● Data provided:
───

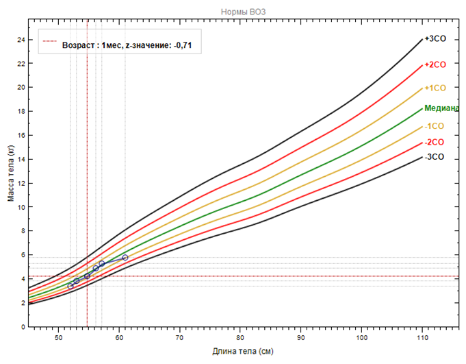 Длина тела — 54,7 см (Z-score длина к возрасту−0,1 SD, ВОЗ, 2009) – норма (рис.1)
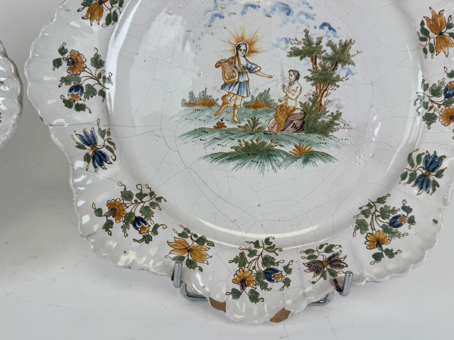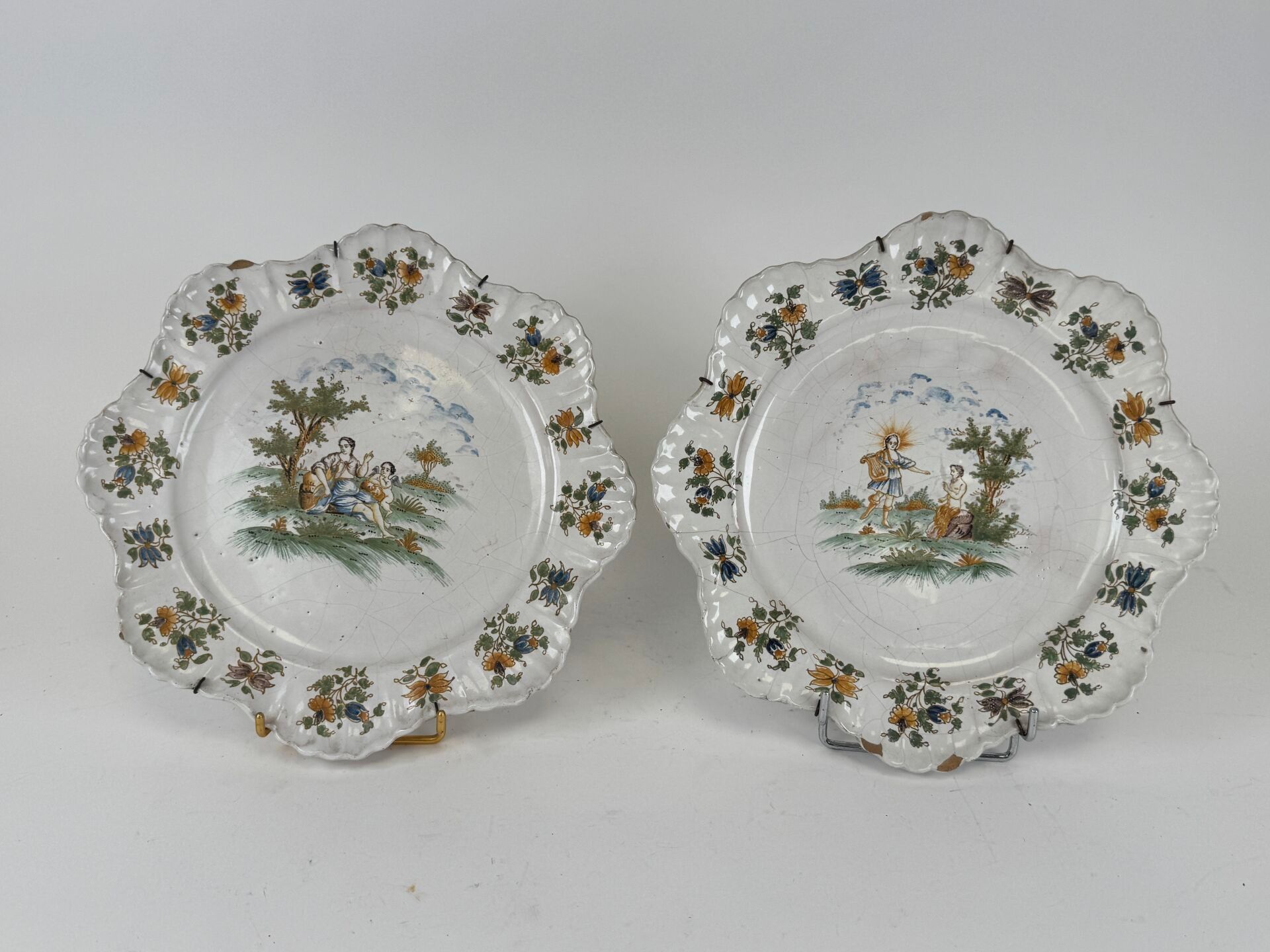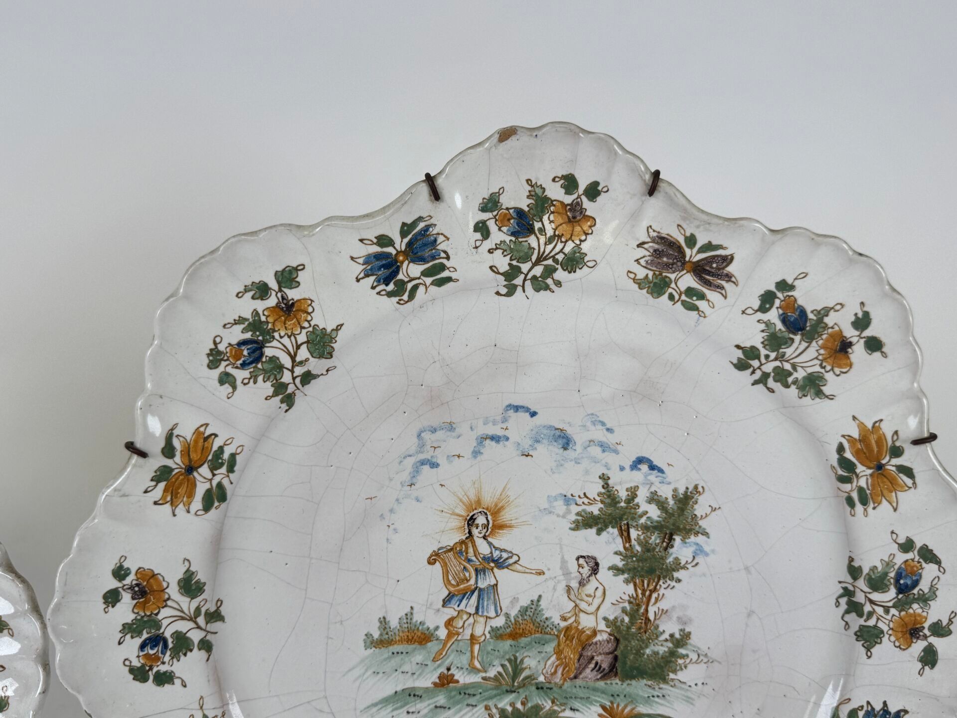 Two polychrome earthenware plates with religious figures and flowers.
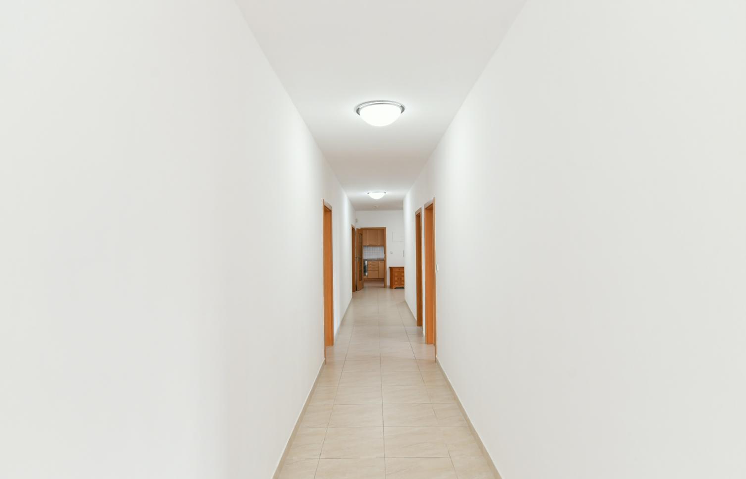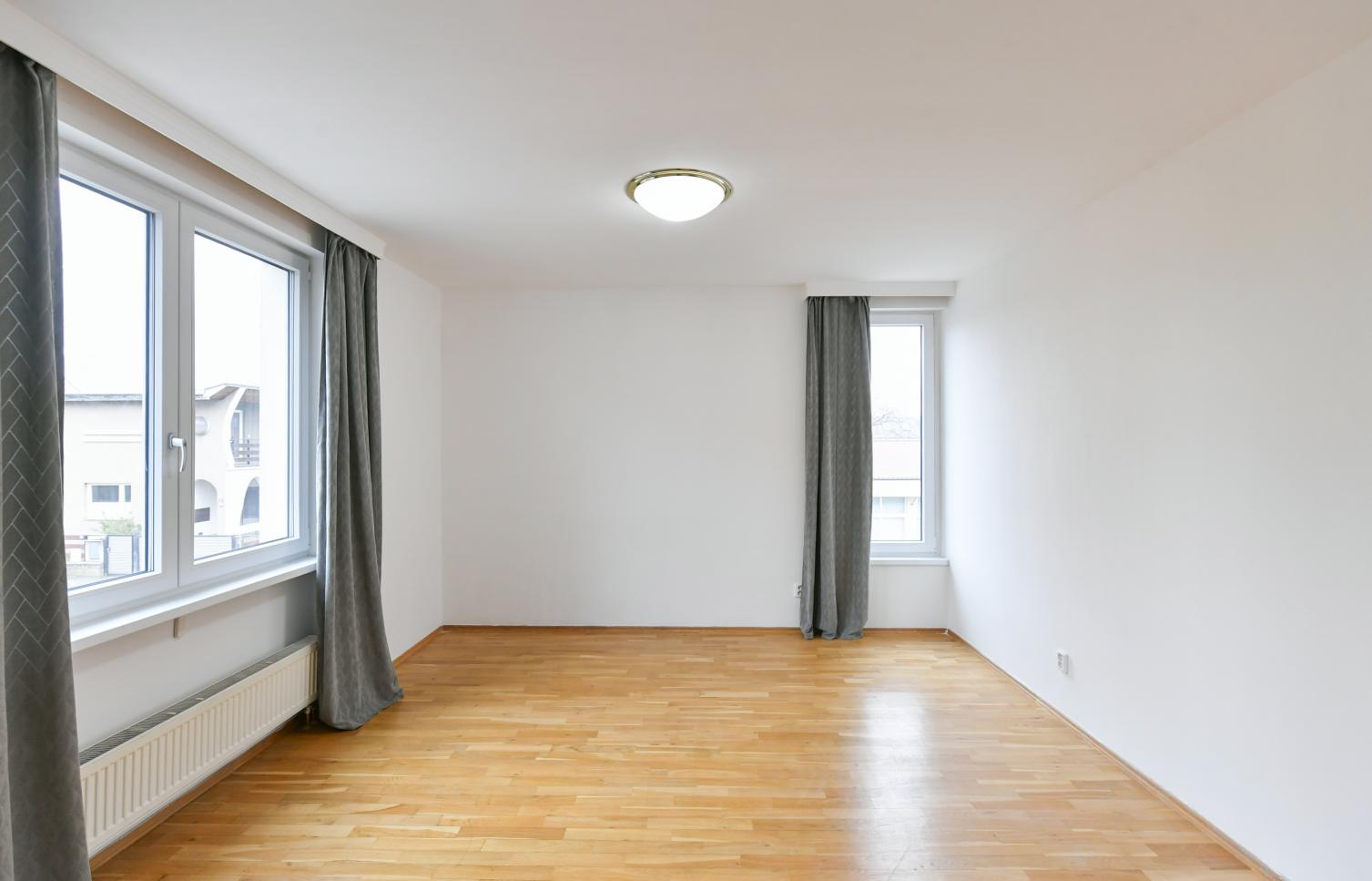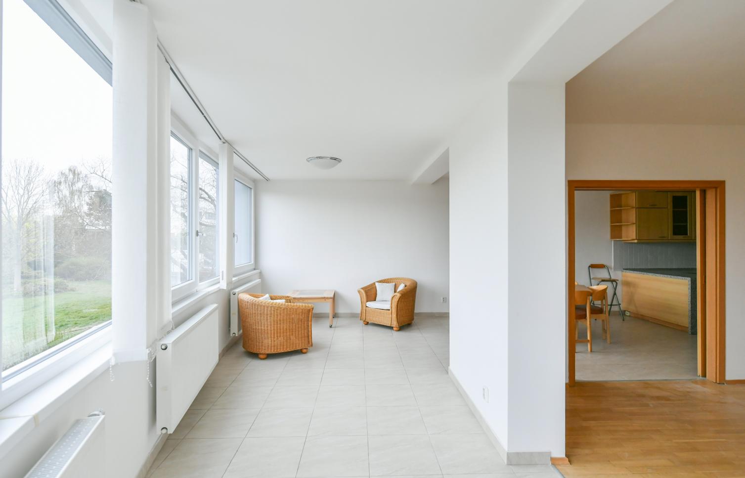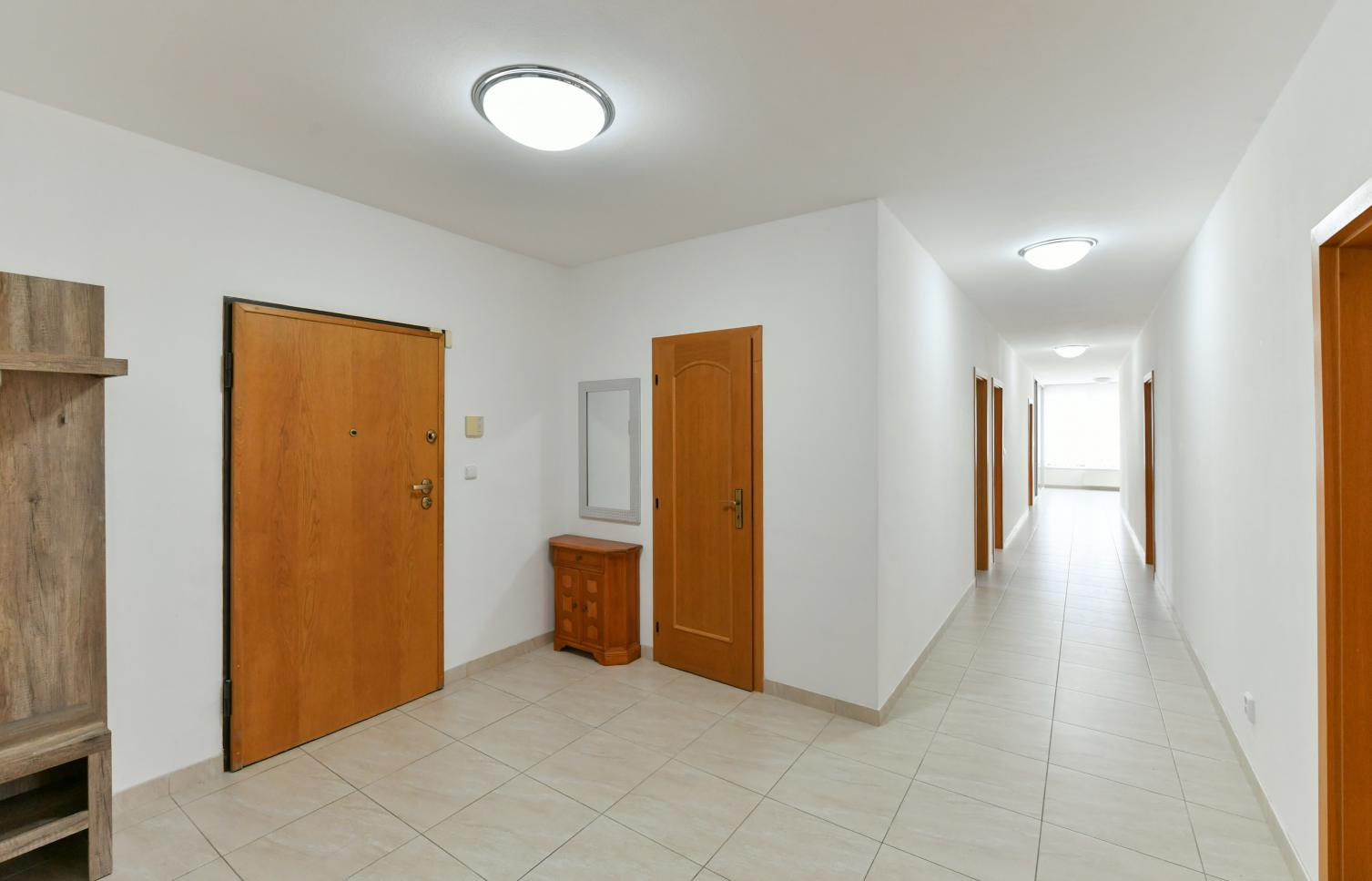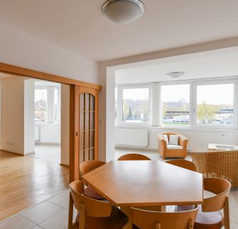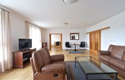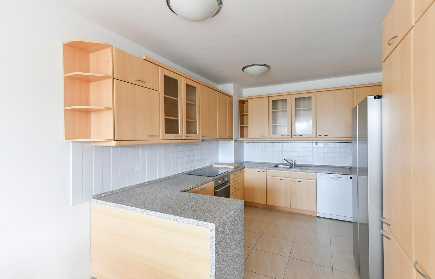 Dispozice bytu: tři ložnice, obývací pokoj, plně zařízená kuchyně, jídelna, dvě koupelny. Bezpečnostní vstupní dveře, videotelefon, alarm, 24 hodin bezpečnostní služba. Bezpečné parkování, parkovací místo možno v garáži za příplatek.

───

● What the exercise asks: Could you return the listing above exactly, minus its pictures?

● Written response:
 Длина тела — 54,7 см (Z-score длина к возрасту−0,1 SD, ВОЗ, 2009) – норма (рис.1)
 Two polychrome earthenware plates with religious figures and flowers.
 Dispozice bytu: tři ložnice, obývací pokoj, plně zařízená kuchyně, jídelna, dvě koupelny. Bezpečnostní vstupní dveře, videotelefon, alarm, 24 hodin bezpečnostní služba. Bezpečné parkování, parkovací místo možno v garáži za příplatek.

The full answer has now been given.